TASK INPUT:
○ ○ ○ ○ ○

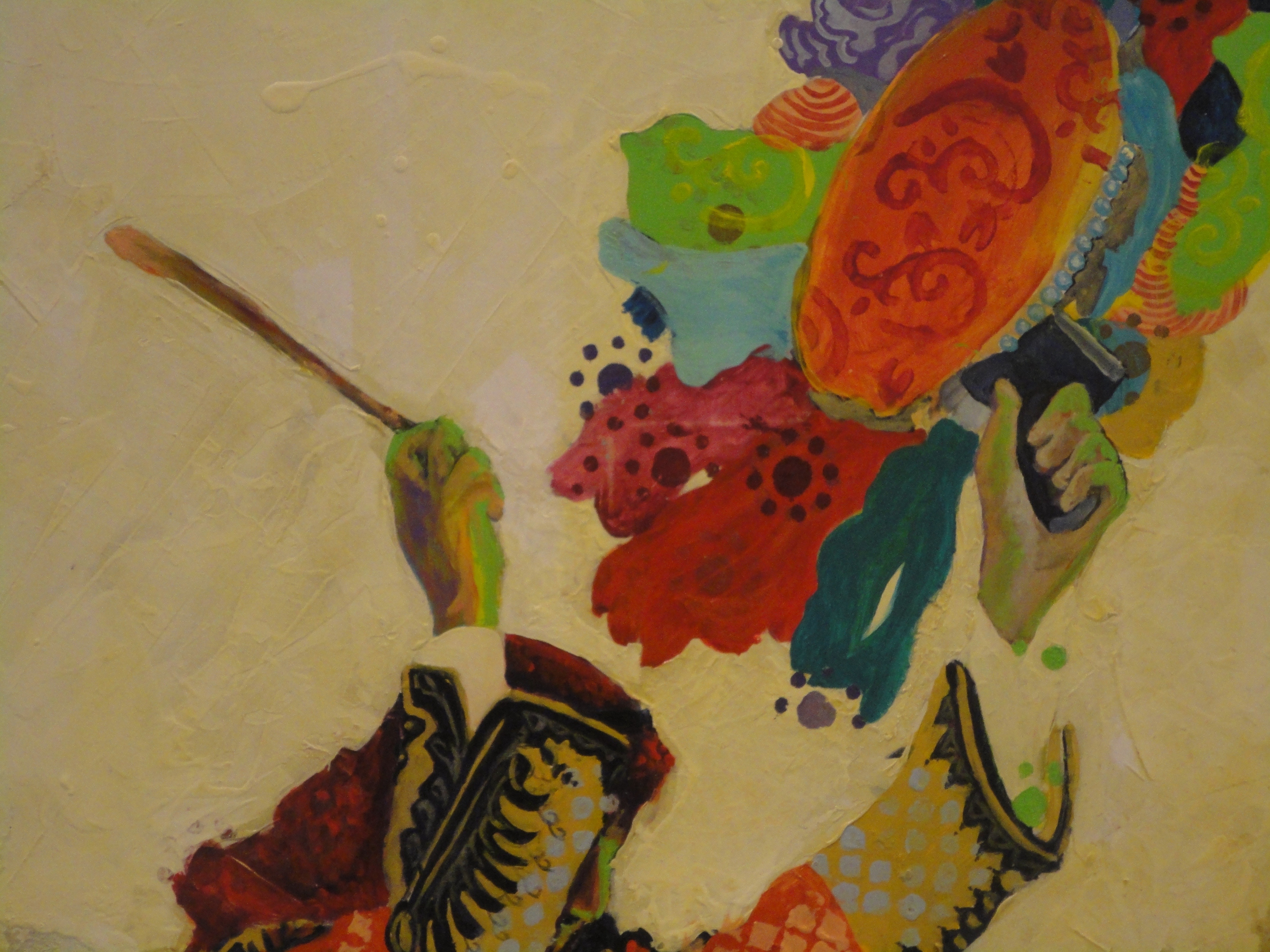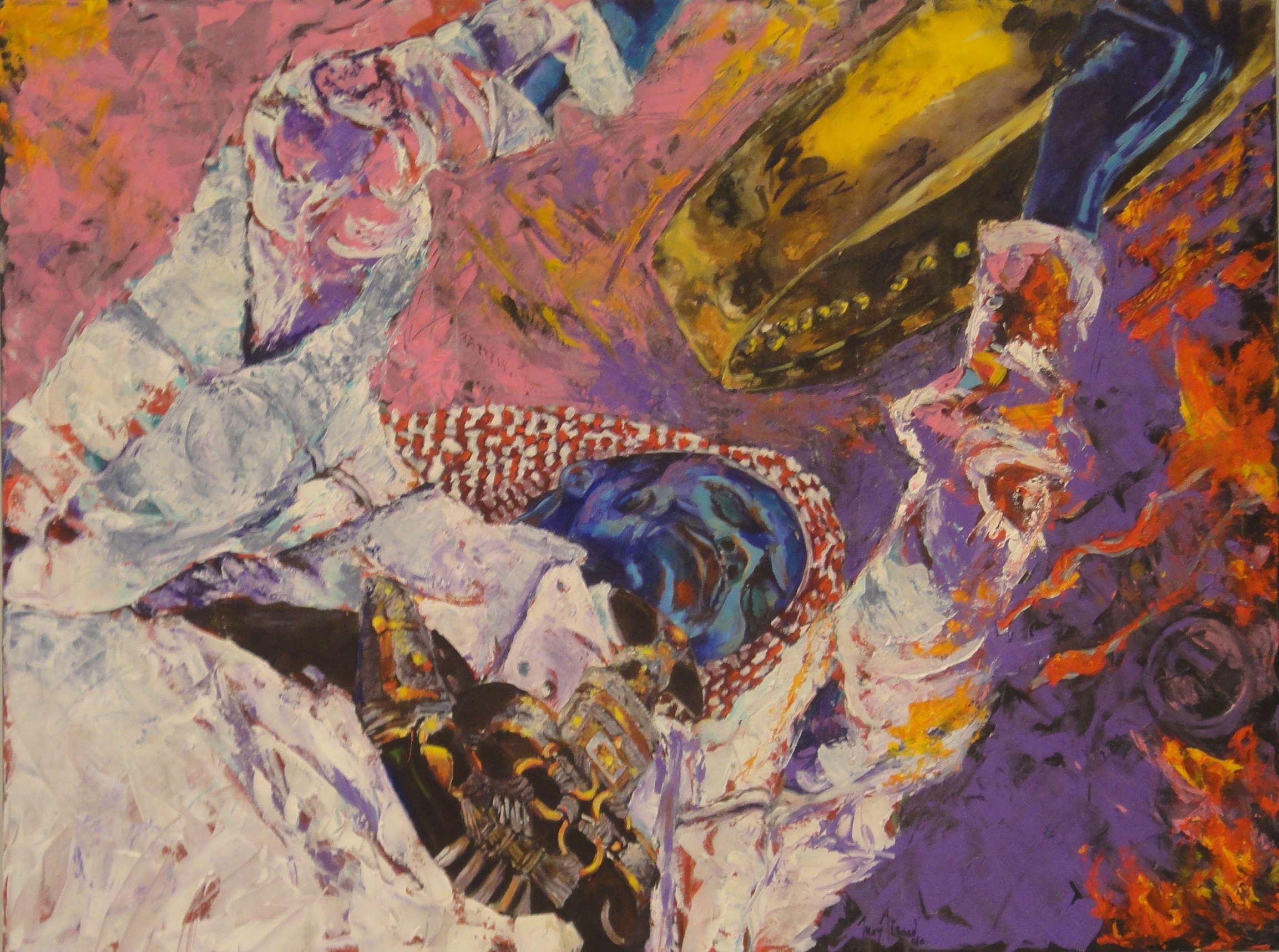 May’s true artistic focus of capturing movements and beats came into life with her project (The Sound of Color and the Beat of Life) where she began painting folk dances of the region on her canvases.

○ ○ ○ ○ ○

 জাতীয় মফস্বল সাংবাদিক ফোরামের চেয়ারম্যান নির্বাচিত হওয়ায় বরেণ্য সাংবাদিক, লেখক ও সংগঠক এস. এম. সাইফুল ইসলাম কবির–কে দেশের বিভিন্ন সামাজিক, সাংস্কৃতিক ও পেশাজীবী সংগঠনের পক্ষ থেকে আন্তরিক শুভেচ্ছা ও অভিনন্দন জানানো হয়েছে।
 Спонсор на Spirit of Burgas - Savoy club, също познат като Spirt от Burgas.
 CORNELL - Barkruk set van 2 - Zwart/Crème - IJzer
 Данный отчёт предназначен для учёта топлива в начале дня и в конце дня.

○ ○ ○ ○ ○

WHAT THE TASK ASKS:
Look above for the line containing "CORNELL - Barkruk". Output from there through the line containing "Данный отчёт предназначен", exactly and inclusively.

ANSWER TO THIS PROBLEM:
 CORNELL - Barkruk set van 2 - Zwart/Crème - IJzer
 Данный отчёт предназначен для учёта топлива в начале дня и в конце дня.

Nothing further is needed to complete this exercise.